# What the exercise asks
The lines to copy run from the one containing "Done in from" to the end of the listing. Please write them out exactly, minus the pictures.

BEGIN Dataset section

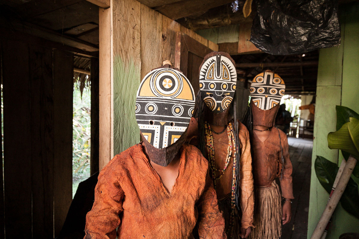 Οι τρεις νεαροί Μακεδόνες είναι έτοιμοι να χορέψουν. Προσέξτε την υπέροχη διακόσμηση που έχουν οι μάσκες τους ‒τα μοτίβα τους παραπέμπουν σε εκείνα της ελληνικής αρχαϊκής περιόδου. Είναι ζωγραφισμένες με χρώματα φτιαγμένα από τα φυτά της ζούγκλας.
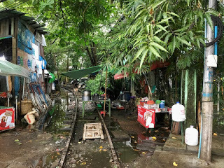 Done in from our first Yangon walkabout, we turn our steps back to the guesthouse. Not far from our digs, we have to cross what looks like an abandoned train line. As I was to learn late in the night, these tracks are not abandoned, despite all the evidence to the contrary. The tracks lead to a locomotive yard on the far side of our street. I was awakened from a dream by the moaning horn of a locomotive picking its slow route along these very tracks. I cannot explain the how of it, only that it happened.
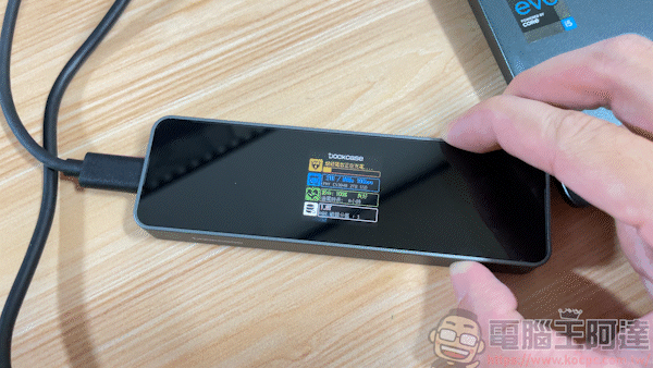 DPR71S 最高支援 PD 100W 快充,採用 7112 PD 晶片,具有 24V CC 耐高壓保護,不讓高壓電流燒壞主機板,具有保護主機的作用。插上的同時,DPR71S 的螢幕上也會顯示目前輸出來源的功率,好讓使用者掌握自己接上的電是否有符合裝置的需求:
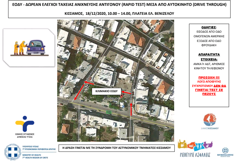 Την Παρασκευή 18-12-2020 θα πραγματοποιηθούν στο Καστέλλι Κισάμου έλεγχοι ταχείας ανίχνευσης αντιγόνου Covid-19 (rapid test) μέσα από αυτοκίνητο (drive through) από κλιμάκιο του ΕΟΔΥ.

END Dataset section

# Task output
 Done in from our first Yangon walkabout, we turn our steps back to the guesthouse. Not far from our digs, we have to cross what looks like an abandoned train line. As I was to learn late in the night, these tracks are not abandoned, despite all the evidence to the contrary. The tracks lead to a locomotive yard on the far side of our street. I was awakened from a dream by the moaning horn of a locomotive picking its slow route along these very tracks. I cannot explain the how of it, only that it happened.
 DPR71S 最高支援 PD 100W 快充,採用 7112 PD 晶片,具有 24V CC 耐高壓保護,不讓高壓電流燒壞主機板,具有保護主機的作用。插上的同時,DPR71S 的螢幕上也會顯示目前輸出來源的功率,好讓使用者掌握自己接上的電是否有符合裝置的需求:
 Την Παρασκευή 18-12-2020 θα πραγματοποιηθούν στο Καστέλλι Κισάμου έλεγχοι ταχείας ανίχνευσης αντιγόνου Covid-19 (rapid test) μέσα από αυτοκίνητο (drive through) από κλιμάκιο του ΕΟΔΥ.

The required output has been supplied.